Published online by Cambridge University Press: 05 June 2012
INTRODUCTION
In the previous chapter I cited the classical trio of motives: interest, passion, and reason. It is fair to say that Tocqueville had little faith in reason or “virtue” as the original spring of behavior. At the individual level, it may be found in exceptional individuals such as Turgot (AR, p. 188) or George Washington (O II, p. 976), but at the social level, it may at best be approximated or mimicked by enlightened self-interest. It is not so much that he thought that what Madison called “the mild voice of reason” was easily overruled by the other two motives; rather, he seems to have believed that in most people it was not present at all (see, for instance, L, p. 384). As I noted, the simple idea of civic duty is absent from his work.

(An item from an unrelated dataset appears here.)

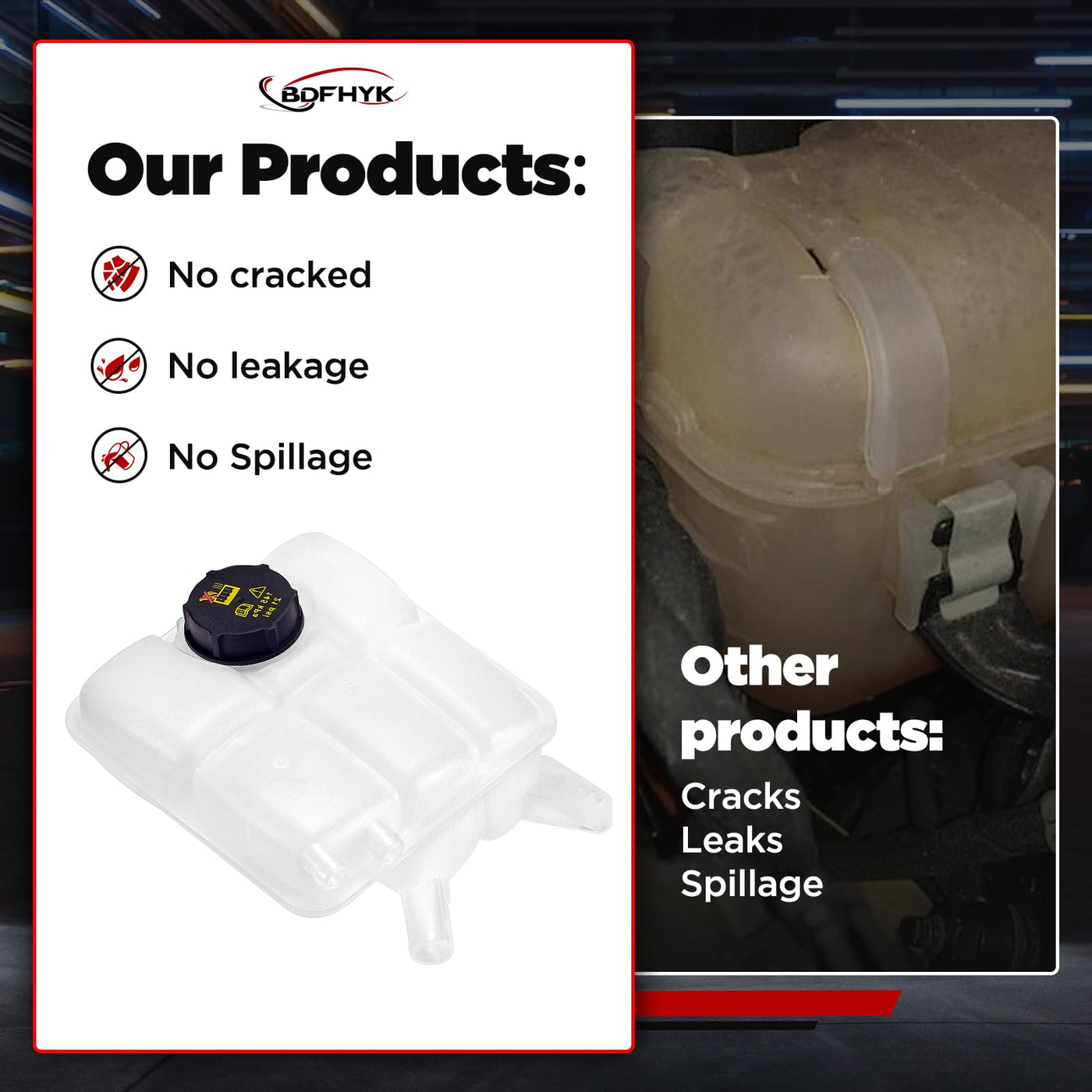 Q: How does the BDFHYK coolant reservoir compare to other brands?A: The BDFHYK Engine Coolant Expansion Reservoir is manufactured with OE-grade durability, ensuring high-quality performance compared to other brands. It is designed specifically for compatibility with select Ford models, making it a reliable choice for automotive enthusiasts.

PASSION OVERRIDING INTEREST
Be this as it may, Tocqueville certainly believed that passion was capable of overriding interest. In Chapter 3 I cited a passage in which he asserts that long-term interest does not always trump the “passions and needs of the moment” (DA, p. 240), suggesting that enlightened self-interest can be undermined by passion as well as by short-term interest. Another important instance arises from ignoring the role of religion. We saw in Chapter 1 that by virtue of the compensation effect, citizens of democratic societies need religion. By virtue of a different mechanism (Ch. 5), democratic societies also benefit from the stabilizing effects of religion (both effects are asserted in DA, p. 633).